PROBLEM
Would you please retype, exactly, the lines of the listing below between the line with "偏空/0.7/-0.00 | 2020-07-27~2025-11-25 |" and the line with "Set TV komoda", inclusive?
[EXTRACTED DATA]
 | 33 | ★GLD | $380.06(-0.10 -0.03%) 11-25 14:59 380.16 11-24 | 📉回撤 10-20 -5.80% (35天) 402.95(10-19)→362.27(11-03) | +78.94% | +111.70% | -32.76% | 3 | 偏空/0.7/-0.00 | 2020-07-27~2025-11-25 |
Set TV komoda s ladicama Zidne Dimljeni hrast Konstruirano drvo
[/EXTRACTED DATA]
[EXTRACTED DATA]
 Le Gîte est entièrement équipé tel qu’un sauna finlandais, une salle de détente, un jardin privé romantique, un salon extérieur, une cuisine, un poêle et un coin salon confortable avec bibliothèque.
[/EXTRACTED DATA]
[EXTRACTED DATA]
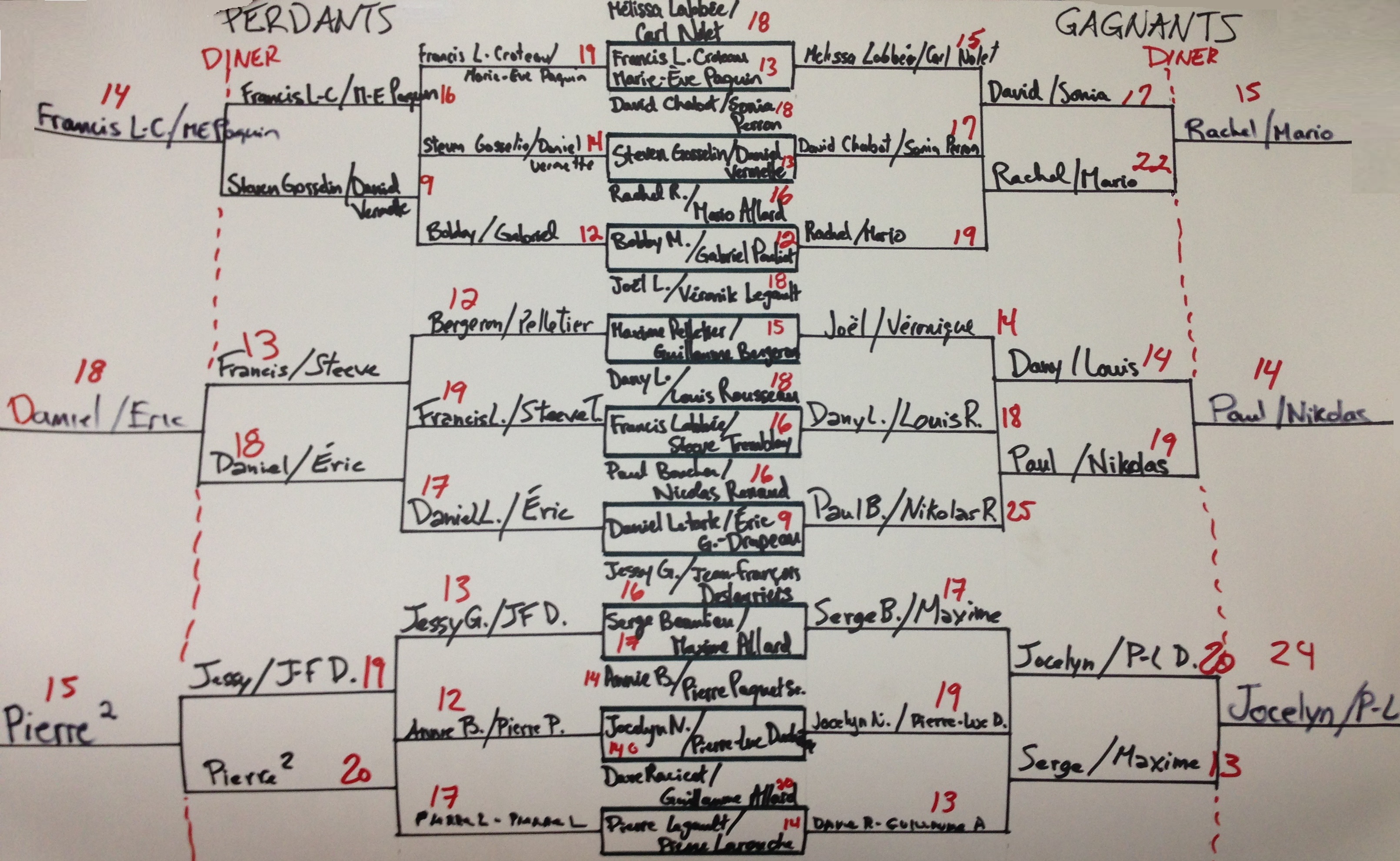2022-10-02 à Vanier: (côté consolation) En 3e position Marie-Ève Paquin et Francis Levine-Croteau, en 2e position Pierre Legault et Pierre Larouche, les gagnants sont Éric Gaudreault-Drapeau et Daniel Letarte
[/EXTRACTED DATA]
THE COMPLETED TASK
 | 33 | ★GLD | $380.06(-0.10 -0.03%) 11-25 14:59 380.16 11-24 | 📉回撤 10-20 -5.80% (35天) 402.95(10-19)→362.27(11-03) | +78.94% | +111.70% | -32.76% | 3 | 偏空/0.7/-0.00 | 2020-07-27~2025-11-25 |
Set TV komoda s ladicama Zidne Dimljeni hrast Konstruirano drvo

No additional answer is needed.